Transperitoneal and retroperitoneal approaches are reported to have comparable outcomes. In our experience, the retroperitoneal approach has been difficult in the following scenarios: (1) children under 15 kg with extremely large renal pelvises, and (2) previous violations of the retroperitoneal space. For a relatively long obstructed UPJ segment associated with a hydronephrotic extrarenal pelvis, several flap pyeloplasty techniques, such as a Culp-Deweerd spiral, Scardino-Prince vertical flap, and a dismembered tubularized renal pelvic wall flap, have been performed, as described by Gill et al. [24].

Reports on the retroperitoneal approach in laparoscopic pyeloplasty are less common despite wide use of this approach in laparoscopic nephrectomy.
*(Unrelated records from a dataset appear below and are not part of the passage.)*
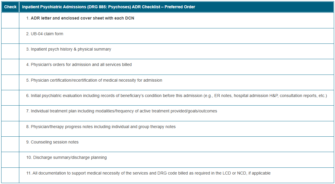 Before responding to an ADR, use the checklist below as a reference to ensure each claim meets Medicare’s policy requirements. Please submit all required documentation outlined in the CMS Medicare Benefit Policy Manual and any applicable Local Coverage Determination (LCD) or National Coverage Determination (NCD). Providers are responsible for submitting complete and accurate documentation per regulatory guidelines for each claim. Ensure documentation within any aspect of the medical record that you submit belongs solely to the intended beneficiary, and documentation for another beneficiary isn’t present.
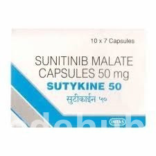 Sutykine 50mg Capsule is an oral multi-targeted receptor tyrosine kinase inhibitor (TKI) indicated for the treatment of various advanced cancers. It functions by blocking multiple receptor tyrosine kinases, including vascular endothelial growth factor receptors (VEGFRs), platelet-derived growth factor receptors (PDGFRs), and KIT, which are crucial for tumor angiogenesis, cell proliferation, and survival. By inhibiting these pathways, Sutykine effectively impedes tumor growth, metastasis, and the development of new blood vessels that supply tumors.
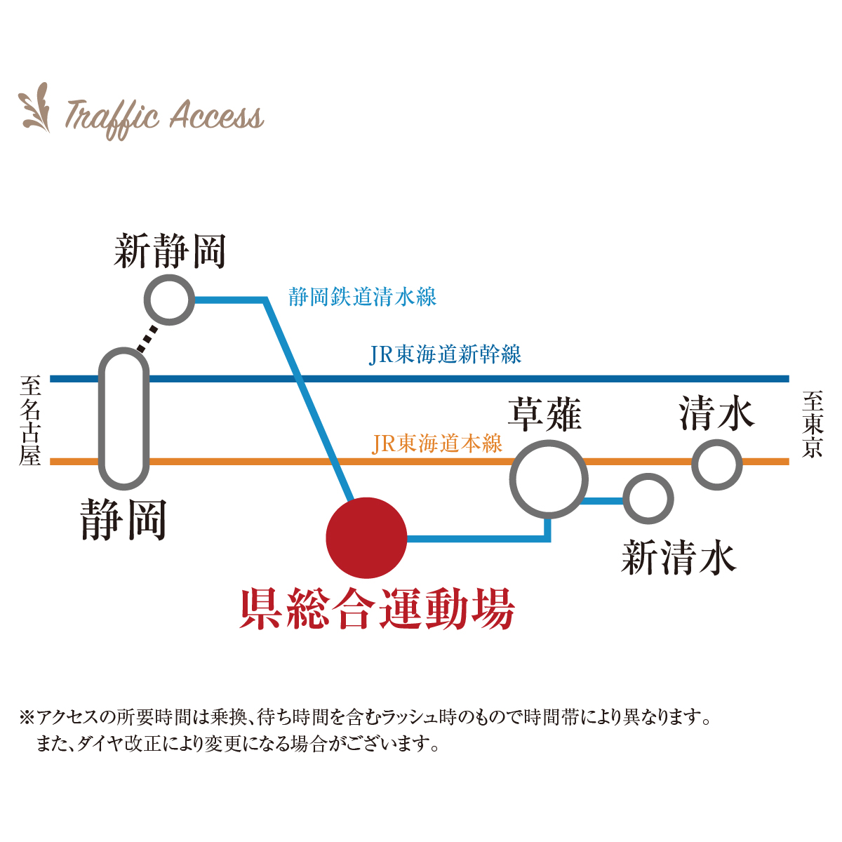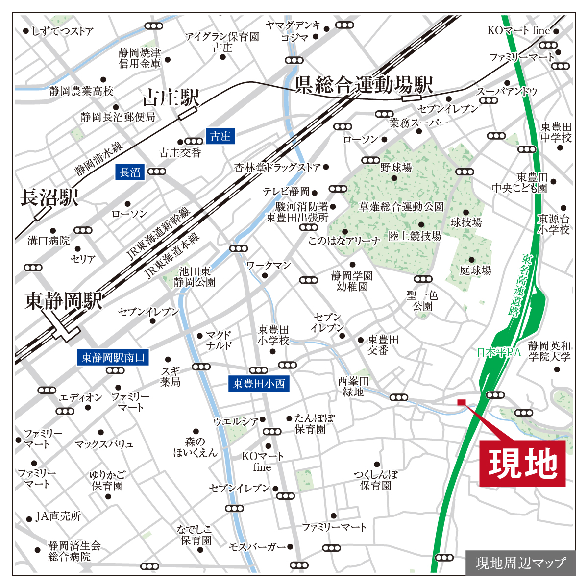 | 交通 | 静岡清水線「県総合運動場」駅徒歩23分 しずてつジャストライン「動物園入口」駅徒歩5分 |
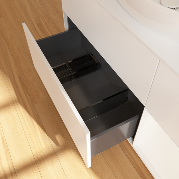 Полное выдвижение. Благодаря функции полного выдвижения выдвижные ящики можно полностью выдвигать. Все их содержимое хорошо видно и его удобно доставать. Больше не нужно копаться в дальних отсеках выдвижного ящика — благодаря мебели для ванной с полным выдвижением вы получаете полный обзор.
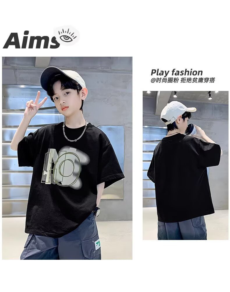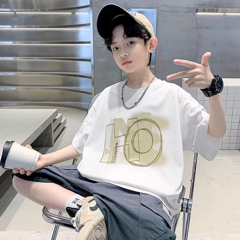 아동복 소년 반팔 티셔츠 여름 2025 한국 스타일 새로운 어린이 빅 어린이 여름 소년 여름 탑 트렌디 티셔츠
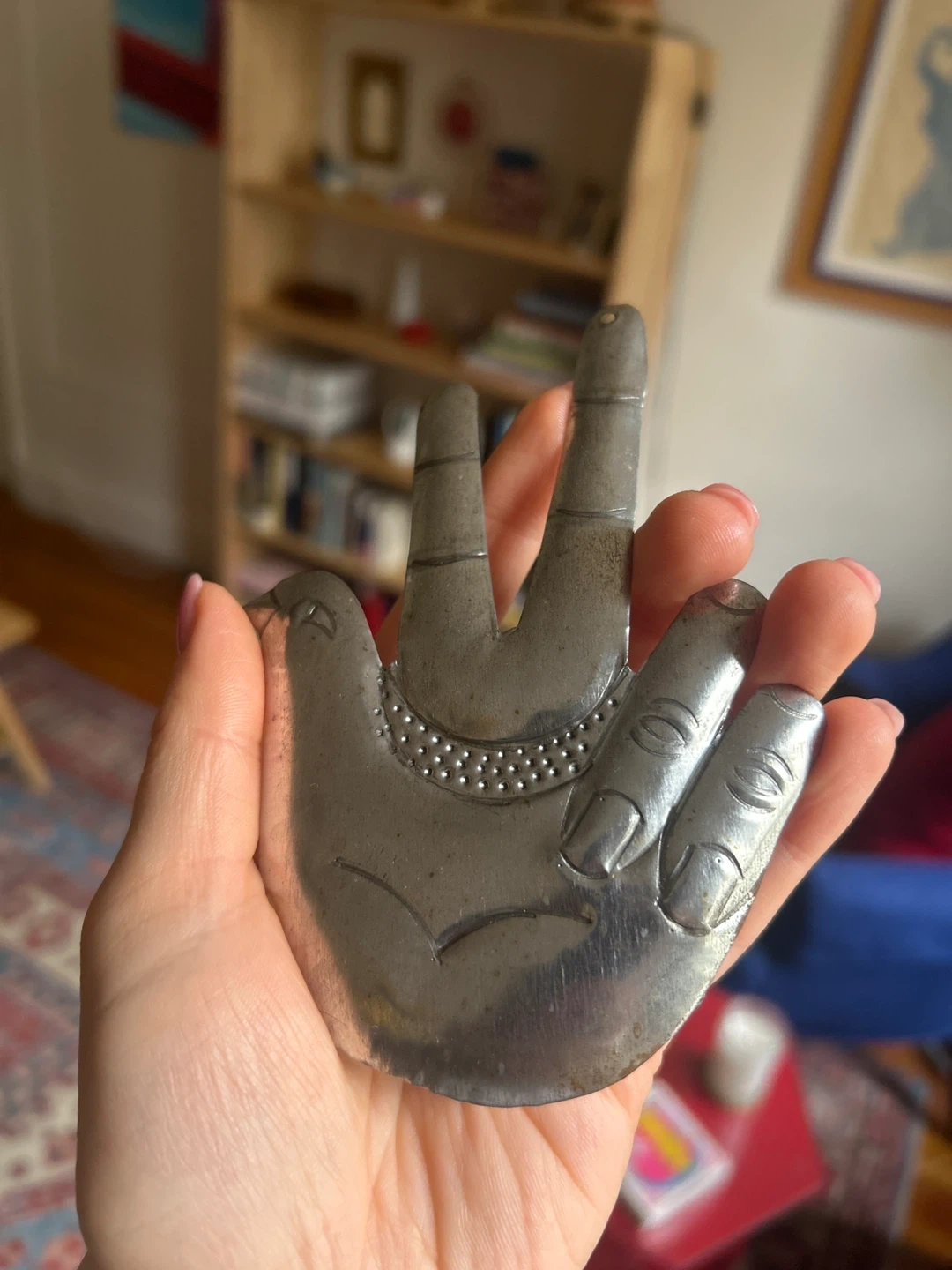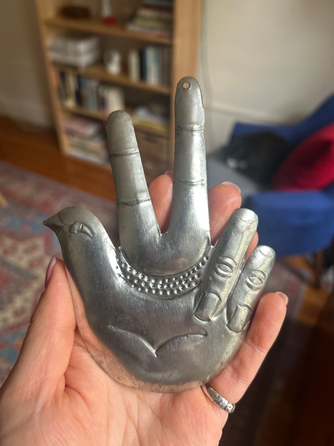 This is a Mexican tin wall ornament melding together a dove and a hand making a peace sign. It features intricate detailing on the hand and has a silver finish. It has some slight wear and tear as seen in the photos. It's a unique decorative piece for your home!
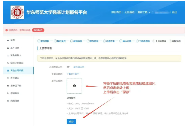 志愿表经考生本人签字后,上传志愿表签字版JPG图片(pdf无法上传),保存。
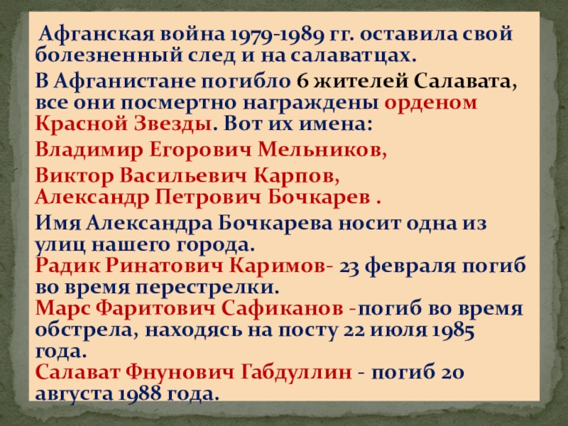 В Афганистане погибло 6 жителей Салавата, все они посмертно награждены орденом Красной Звезды. Вот их имена:
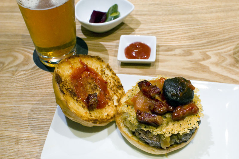 The kitchen turns out a dozen different beef-based burgers, variously featuring components like wasabi aioli, fried lotus root and cabbage (the Teriyaki Burger); kimchee and coriander (the K-BBQ burger); apple wood-smoked bacon and onion strings (the Manly Chick Burger); and truffle aioli, truffle cheese and truffle glaze (the Truffle Burger). There are numerous optional toppings, including two different kinds of bacon. The falafel burger and fish-curry burger serve as non-beef options.
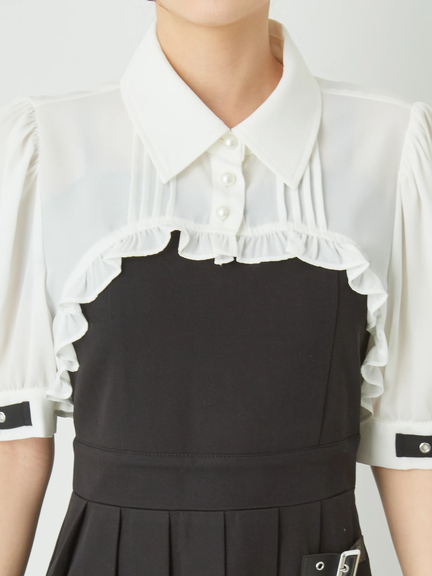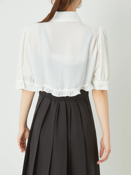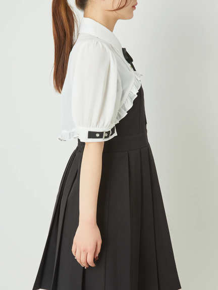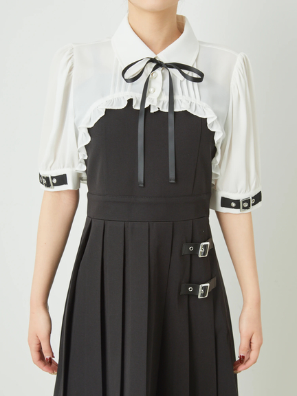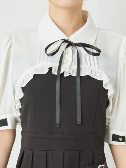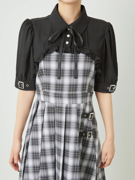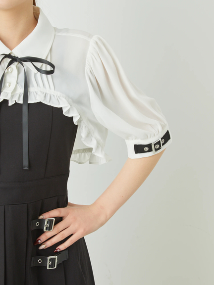 バックルデザインが付いて、ゴシック&ガーリーな雰囲気を醸し出すショートブラウスが登場です♪ 5分丈のスリーブには、バックルがあしらわれて、スパイシーさをONし、着こなしをアップデートしてくれます。首元には、リボンに、タック入りで、上品さをプラス◎ ショート丈で、裾にはフリルがほどこされて、女の子らしさが際立つ逸品です☆
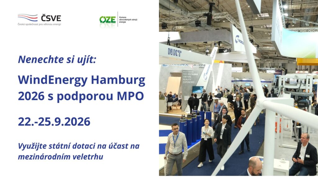 S potěšením oznamujeme, že díky naší iniciativě a iniciativě Komory obnovitelných zdrojů energií byl veletrh WindEnergy Hamburg 2026 zařazen na seznam veletrhů podporovaných Ministerstvem průmyslu a obchodu (MPO). Jedná se o podporu kategorie B – společná expozice.
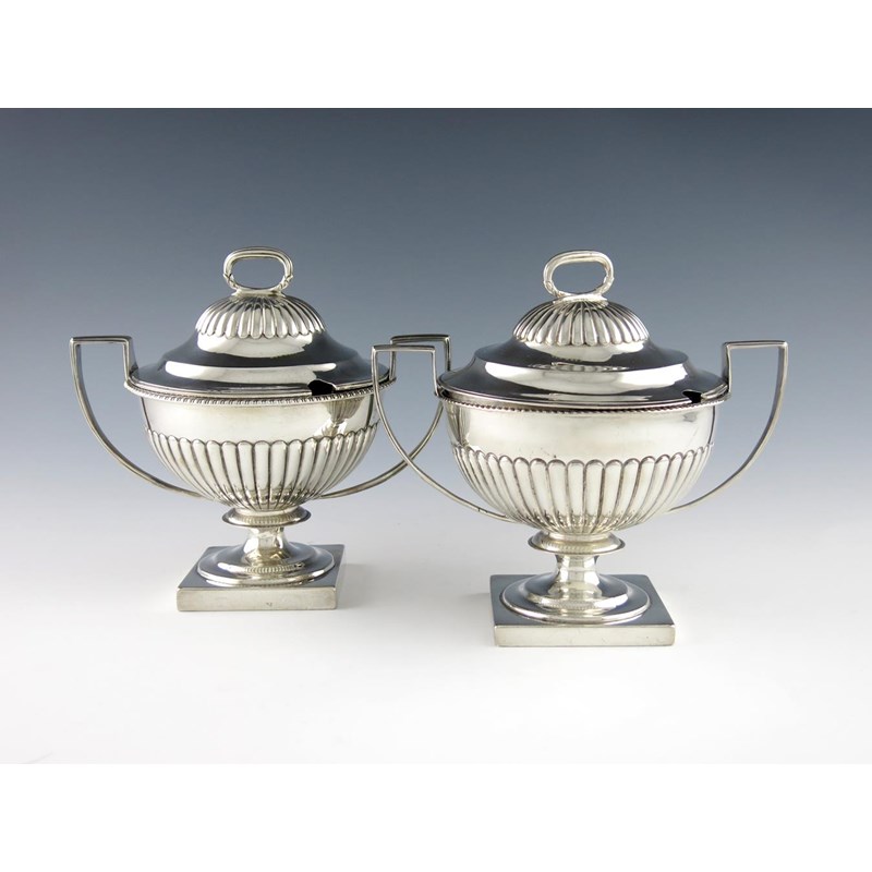 circular form, scroll handles, part-fluted decoration, the domed covers with part-fluted decoration and reeded loop handles, on raised square bases, length handle to handle 18.6cm, approx. weight 32.2oz. (2)
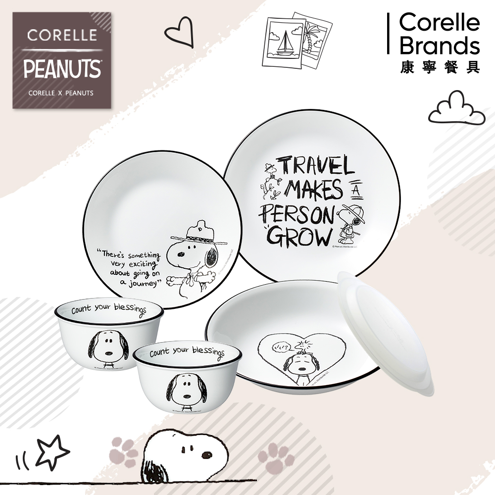 生日禮物任選2款【美國康寧 Pyrex】SNOOPY 史努比黑白復刻耐熱玻璃壺1450ML+玻璃杯710ml
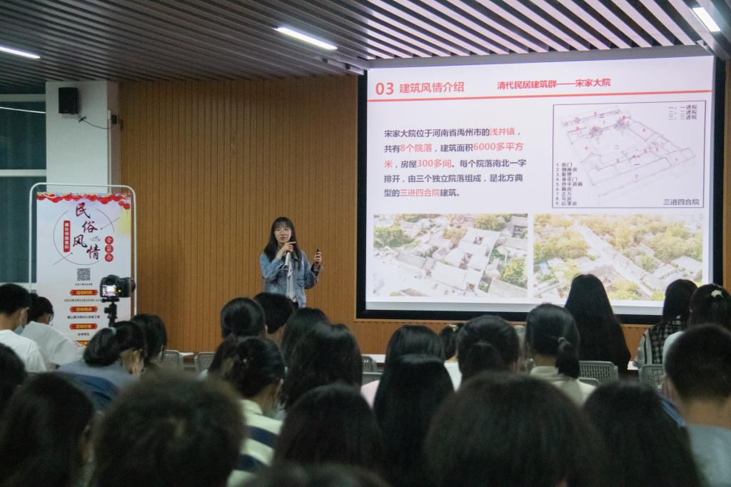 本次分享会以“探寻缤纷民俗风情,乐享多彩民族文化”为主题,将传统习俗与现代文明相结合,寓教于乐,寓理于情。活动中,同学们从风俗特色、节日民俗、婚恋民俗、饮食风俗、建筑风情、服饰风情等方面来介绍华北、华南、东北、西北等地区异彩纷呈的民俗风情,倾情展现我国56个民族各具特色的风土人情和风俗习惯,给大家带来了一场传统文化的精神盛宴。
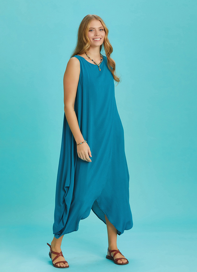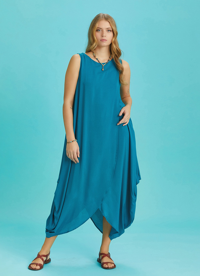 Boat Neck, Diagonal Cut Front Layer Detail, Sleeveless, Baggy Long Dress
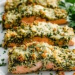- Serve and Garnish: Remove the salmon from the oven, carefully open the foil, and garnish with additional chopped parsley and parmesan cheese if desired. Serve immediately while hot.

The level of difficulty of manipulation certainly increases in the retroperitoneal space. We believe that difficulty of manipulation in the retroperitoneal space can be overcome with improvement in operative skill, especially in ambidextrous suturing technique. This approach has some advantages. First, it can avoid dissemination of urine into the peritoneal cavity under retroperitoneoscopic procedures when the renal pelvis is transected. Second, it can minimize the risk of injury to intraperitoneal organs, such as the colon and small bowel, but this is still not established with current experiences. Some speculate that the transperitoneal approach poses less risk to abdominal organs because they are always kept in the field of view.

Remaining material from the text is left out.